2 Septermber , 2021
To keep ownership of your crypto assets you need to have private keys.
Ownership of liquid assets such as stocks or crypto is a contentious issue.
As they say in crypto, “not your keys, not your coins.”
Past Incidents of Misuse of Ownership Rights
From past experiences of scams and hacks in financial markets, it is better to keep the ownership of your assets intact.
An example of its importance is the Karvy scam wherein the stockbroker, Karvy, secretly pledged the shares of the investors without their consent.
Pledging means taking a loan against stocks. These funds were then invested in the other ventures of the brokers.
It resulted in a loss of millions for thousands of investors.
Karvy misused the Power of Attorney (PoA) signed by the investors.
Similar scams have taken place in cryptoverse such as the Quadriga CX and Thodex rug pull.
In both these scandals, the owners of the Centralized Cryptocurrency Exchange (CEX) fled with investor money.
Other than that, if a CEX gets hacked, even then the investor cannot recover the funds unless the exchange takes responsibility and returns the investor money. For, instance Binance was hacked in 2019, but it covered the investors under its Secure Asset Fund emergency insurance fund.
To protect yourself from such malicious actors, the best solution is to keep crypto assets in a Non-Custodial wallet.
These wallets do not keep the ownership. The owner of the wallet owns the private keys of the crypto assets, hence has the sole discretion over the funds.
Let’s cover both Custodial and Non-Custodial wallets in detail.
Custodial Wallet
This wallet holds the funds of the user, but it does not provide the user with ultimate ownership. The private keys lie with the service providers who are also responsible for the security of the assets.
Its benefit is that the user does not need to protect the private keys or the seed phrase. Losing any of that puts the funds in danger or can result in loss of funds.
Another benefit is the user-friendly interface of the wallet. It hides all the complexities of interacting with the blockchain, smart contracts, etc., providing a high-level view of the operations.
Usually, when an investor purchases crypto on a CEX, the assets are held in the exchange’s wallet, which in most cases is a Custodial Wallet.

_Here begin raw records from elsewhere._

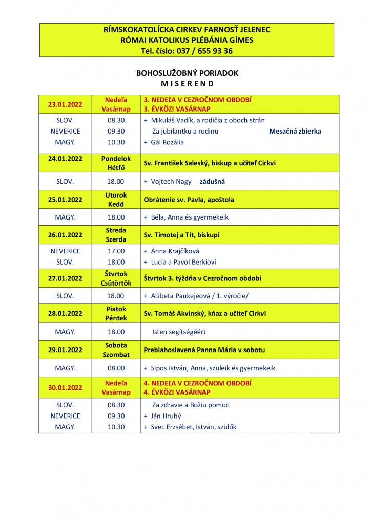 Omšový poriadok - Miserend - 24.1.2022 - 30.1.2022 3
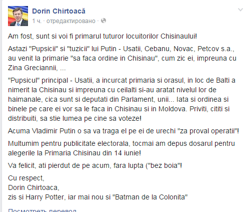 Позже раздвоение личности градоначальника произошло и на его странице в социальной сети. «С уважением, Дорин Киртоакэ, которого еще называют Гарри Поттер, а теперь еще и – Бэтмен из Колоницы», — подписал одну из своих записей либерал.
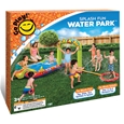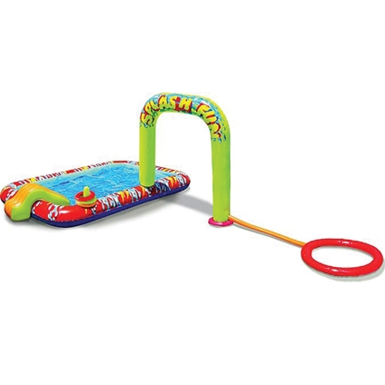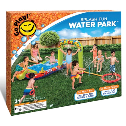 Dive into summer with this fun inflatable water park for kids. The Splash Fun Water Park is the ultimate backyard party. This fun water park has a waterfall arch, a splash pool with slide, a sprinkler ring and a tug-of-war activity. Jump into the play pool and play the ring toss game. Slide down the removable slide. Attach a hose and you can race through the waterfall arch and sprinklers too. Product size: 353L x 224W x 122H cm. Ages 3+.

The biggest disadvantage is discussed above with respect to the different scams and hacks. Whoever holds the keys, controls the assets. So, in the case of Custodial Wallets, the ultimate owner is the service provider who can use the funds without the consent of the owner.
Non-Custodial Wallet
These wallets provide the user with private keys or seed phrases. The funds are stored on the blockchain rather than the wallet which is just used to interact with the blockchain. Non-Custodial Wallets act as a User Interface between the user and the blockchain.
In order to use the funds, the user has to sign the transactions with the private keys. Usually, Non-Custodial Wallets provide the user with a mnemonic seed phrase consisting of words. The phrase is used as a backup password recovery method. So, if a user loses the password of the wallet, they can recover it through the seed phrase.
The most significant benefit is that the user has the ultimate ownership and exercises complete control over the crypto assets.
The funds can be lost only if the user loses keys, the wallet is hacked or the blockchain gets compromised.
An issue with Non-Custodial Wallets is that the user has to interact with the blockchain which can be cumbersome for some. These wallets do not have as user-friendly experience as the Custodial Wallets do. Moreover, users should also have a basic knowledge of how to backup and restore their wallets.
Examples of Non-Custodial Wallets are Trezor, Metamask, Trust Wallet, Ledger, , etc.
One can use any type of wallet according to the circumstances. It should be kept in mind that nothing is hackproof. Any digital service one may use can be hacked. So, it is recommended to use only trustworthy services with robust security and control.